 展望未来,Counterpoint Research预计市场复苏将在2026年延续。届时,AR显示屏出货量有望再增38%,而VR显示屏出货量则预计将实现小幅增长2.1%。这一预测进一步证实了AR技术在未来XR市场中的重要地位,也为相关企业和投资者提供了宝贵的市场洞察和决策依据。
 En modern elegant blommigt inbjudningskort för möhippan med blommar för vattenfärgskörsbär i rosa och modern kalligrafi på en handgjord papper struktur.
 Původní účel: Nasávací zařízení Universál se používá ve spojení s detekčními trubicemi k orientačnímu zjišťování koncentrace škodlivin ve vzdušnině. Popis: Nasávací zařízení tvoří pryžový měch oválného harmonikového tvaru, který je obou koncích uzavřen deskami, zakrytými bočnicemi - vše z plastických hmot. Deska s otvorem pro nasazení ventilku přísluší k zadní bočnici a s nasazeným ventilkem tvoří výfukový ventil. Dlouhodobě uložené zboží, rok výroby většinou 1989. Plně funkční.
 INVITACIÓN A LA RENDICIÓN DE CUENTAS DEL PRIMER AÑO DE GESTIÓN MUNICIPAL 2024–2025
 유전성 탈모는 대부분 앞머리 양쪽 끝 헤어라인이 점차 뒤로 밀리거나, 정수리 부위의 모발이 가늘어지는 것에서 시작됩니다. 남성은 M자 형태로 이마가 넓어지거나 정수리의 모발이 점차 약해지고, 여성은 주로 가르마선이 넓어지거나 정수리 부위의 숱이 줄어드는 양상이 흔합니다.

^^^^^^^^

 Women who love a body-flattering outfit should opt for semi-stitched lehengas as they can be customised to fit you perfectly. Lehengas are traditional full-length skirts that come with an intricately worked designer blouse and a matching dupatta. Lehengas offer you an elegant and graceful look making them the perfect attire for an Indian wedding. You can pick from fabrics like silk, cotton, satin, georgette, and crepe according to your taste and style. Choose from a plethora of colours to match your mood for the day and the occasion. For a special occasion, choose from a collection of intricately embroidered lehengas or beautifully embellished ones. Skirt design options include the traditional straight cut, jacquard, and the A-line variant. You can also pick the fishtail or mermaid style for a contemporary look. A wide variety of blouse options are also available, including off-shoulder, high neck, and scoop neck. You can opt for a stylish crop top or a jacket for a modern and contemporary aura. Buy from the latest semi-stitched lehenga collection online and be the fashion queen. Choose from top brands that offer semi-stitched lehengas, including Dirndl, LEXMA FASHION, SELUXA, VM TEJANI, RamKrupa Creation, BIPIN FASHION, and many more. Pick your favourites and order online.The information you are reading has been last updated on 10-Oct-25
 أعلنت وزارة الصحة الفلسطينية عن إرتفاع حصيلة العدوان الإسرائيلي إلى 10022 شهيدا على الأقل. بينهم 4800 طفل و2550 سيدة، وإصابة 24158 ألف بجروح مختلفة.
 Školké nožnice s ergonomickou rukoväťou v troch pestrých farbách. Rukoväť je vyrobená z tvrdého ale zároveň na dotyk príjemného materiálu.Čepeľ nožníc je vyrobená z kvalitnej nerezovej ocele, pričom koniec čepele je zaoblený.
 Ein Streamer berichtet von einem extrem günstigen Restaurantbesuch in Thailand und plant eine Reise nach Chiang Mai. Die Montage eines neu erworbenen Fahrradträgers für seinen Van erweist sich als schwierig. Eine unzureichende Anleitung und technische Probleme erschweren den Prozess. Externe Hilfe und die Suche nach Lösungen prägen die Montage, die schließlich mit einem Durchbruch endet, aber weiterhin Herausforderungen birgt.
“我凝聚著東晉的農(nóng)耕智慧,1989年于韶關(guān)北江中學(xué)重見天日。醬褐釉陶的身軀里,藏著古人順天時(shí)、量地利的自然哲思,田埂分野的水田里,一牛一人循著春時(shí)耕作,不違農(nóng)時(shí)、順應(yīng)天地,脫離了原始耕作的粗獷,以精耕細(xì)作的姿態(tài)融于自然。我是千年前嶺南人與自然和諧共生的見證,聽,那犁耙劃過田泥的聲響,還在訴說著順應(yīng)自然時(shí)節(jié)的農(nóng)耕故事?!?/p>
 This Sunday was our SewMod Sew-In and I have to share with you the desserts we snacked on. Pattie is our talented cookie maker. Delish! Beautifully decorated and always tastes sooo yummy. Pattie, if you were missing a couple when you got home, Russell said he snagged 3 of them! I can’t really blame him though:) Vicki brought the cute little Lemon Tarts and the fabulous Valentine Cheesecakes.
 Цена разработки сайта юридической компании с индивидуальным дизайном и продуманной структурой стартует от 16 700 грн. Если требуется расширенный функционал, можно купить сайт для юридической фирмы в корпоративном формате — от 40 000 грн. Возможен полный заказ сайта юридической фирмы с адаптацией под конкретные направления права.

^^^^^^^^

▶ **Try it**
Working from the data above, extract solely the lines from the one containing "Původní účel: Nasávací" through the one containing "유전성 탈모는 대부분", exactly as they appear, both included.

▶ **Problem solution**
 Původní účel: Nasávací zařízení Universál se používá ve spojení s detekčními trubicemi k orientačnímu zjišťování koncentrace škodlivin ve vzdušnině. Popis: Nasávací zařízení tvoří pryžový měch oválného harmonikového tvaru, který je obou koncích uzavřen deskami, zakrytými bočnicemi - vše z plastických hmot. Deska s otvorem pro nasazení ventilku přísluší k zadní bočnici a s nasazeným ventilkem tvoří výfukový ventil. Dlouhodobě uložené zboží, rok výroby většinou 1989. Plně funkční.
 INVITACIÓN A LA RENDICIÓN DE CUENTAS DEL PRIMER AÑO DE GESTIÓN MUNICIPAL 2024–2025
 유전성 탈모는 대부분 앞머리 양쪽 끝 헤어라인이 점차 뒤로 밀리거나, 정수리 부위의 모발이 가늘어지는 것에서 시작됩니다. 남성은 M자 형태로 이마가 넓어지거나 정수리의 모발이 점차 약해지고, 여성은 주로 가르마선이 넓어지거나 정수리 부위의 숱이 줄어드는 양상이 흔합니다.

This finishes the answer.